Durante o depoimento, a testemunha também afirmou ter presenciado situações que considerou suspeitas envolvendo Jairo Souza Santos Júnior, o Dr. Jairinho, e Henry. Segundo ela, em pelo menos três episódios, Jairinho levou o menino para um quarto, permaneceu sozinho com ele por algum tempo e, depois, a criança reclamou de dores.

A testemunha relatou ainda que, em alguns desses episódios, havia um som alto no quarto ou um silêncio total no cômodo. Segundo depoimento de Thayná, Henry teria apresentado dores na cabeça após algumas dessas situações e, quando questionado, dizia que havia caído da cama ou que não podia falar sobre o ocorrido. Em uma das vezes, explicou que, após o período em que ficou no quarto fechado com Jairinho, Henry saiu mancando.

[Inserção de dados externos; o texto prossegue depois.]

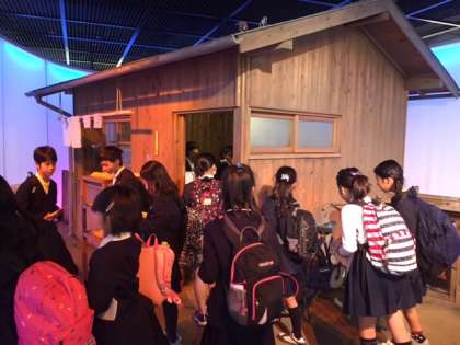 チキンラーメン作りは1度に48人が定員なので学年を2グループに分けて待っている時間に1階の見学です。
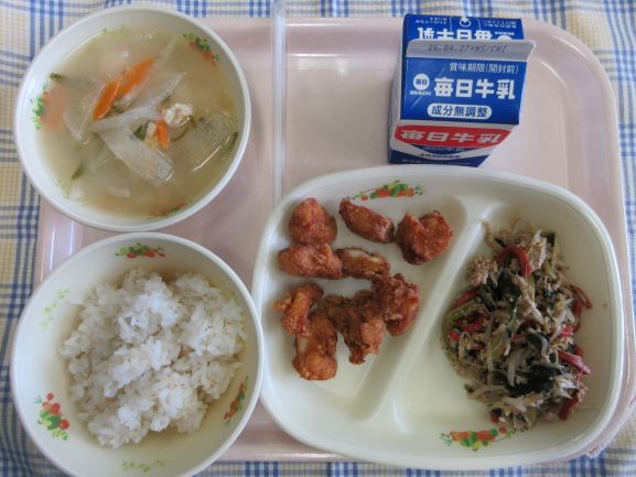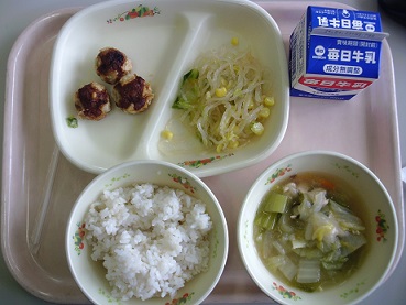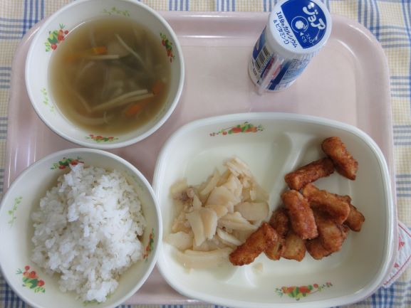本日は滋賀の産物献立です。赤こんにゃくや打ち豆汁は給食の定番になってきました。1年生の子どもたちも「美味しい」と喜んで食べました。

Ainda de acordo com Thayná, todas essas situações foram comunicadas a Monique, por mensagens, ligações ou conversas presenciais e que Monique soube pelo próprio Henry que, em uma ocasião, falou em chamada de vídeo que o “tio” (referindo-se a Jairinho) tinha batido nele.

A babá afirmou que também sugeriu a instalação de câmeras no imóvel e chegou a indicar um profissional para realizar o serviço, mas que Monique ignorou o pedido.

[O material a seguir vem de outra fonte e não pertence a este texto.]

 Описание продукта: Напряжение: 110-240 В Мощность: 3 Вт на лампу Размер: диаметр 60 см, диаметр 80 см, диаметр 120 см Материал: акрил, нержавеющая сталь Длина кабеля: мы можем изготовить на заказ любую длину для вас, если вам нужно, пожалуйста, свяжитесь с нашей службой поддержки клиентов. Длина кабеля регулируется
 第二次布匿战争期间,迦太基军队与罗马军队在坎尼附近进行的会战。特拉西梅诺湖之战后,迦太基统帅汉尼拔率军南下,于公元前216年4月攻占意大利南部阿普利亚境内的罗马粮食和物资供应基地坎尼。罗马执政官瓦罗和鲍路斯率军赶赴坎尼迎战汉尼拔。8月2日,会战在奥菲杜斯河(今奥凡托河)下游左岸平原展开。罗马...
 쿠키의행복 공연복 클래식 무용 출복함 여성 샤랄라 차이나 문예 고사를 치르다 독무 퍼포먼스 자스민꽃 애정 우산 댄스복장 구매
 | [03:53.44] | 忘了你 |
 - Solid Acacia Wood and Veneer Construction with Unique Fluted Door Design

Pedido para apagar mensagens

À CNN Brasil, a advogada de Thayná, Juliana Nascimento, acrescentou que após a morte do menino, a babá e a empregada doméstica foram chamadas para um escritório de advocacia, onde foi coagida pela Monique a mentir. Segundo Juliana, a mãe do menino mandou Thayná apagar as mensagens e dizer que a “família vivia em harmonia”.

A defesa da babá afirmou que a cliente não apagou integralmente as mensagens e que, antes de excluir parte do conteúdo, fez capturas de tela das conversas. O material foi recuperado posteriormente durante a investigação.

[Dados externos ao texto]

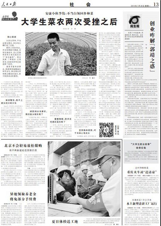 7月28日,《人民日报》社会版以《安康小伙李伟:不当白领回乡种菜》为题,对平利县长安镇李伟创业事迹进行了大幅报道,并配发了图片、言论,引起了社会的广泛关注。

Após o depoimento, a defesa acrescentou que a cliente se sente aliviada. “Hoje, Thayná se retratou e está se sentindo aliviada por dizer tudo o que sabe”. O julgamento segue no Tribunal do Júri do Rio de Janeiro. Monique Medeiros e Dr. Jairinho respondem homicídio triplamente qualificado, tortura e fraude processual.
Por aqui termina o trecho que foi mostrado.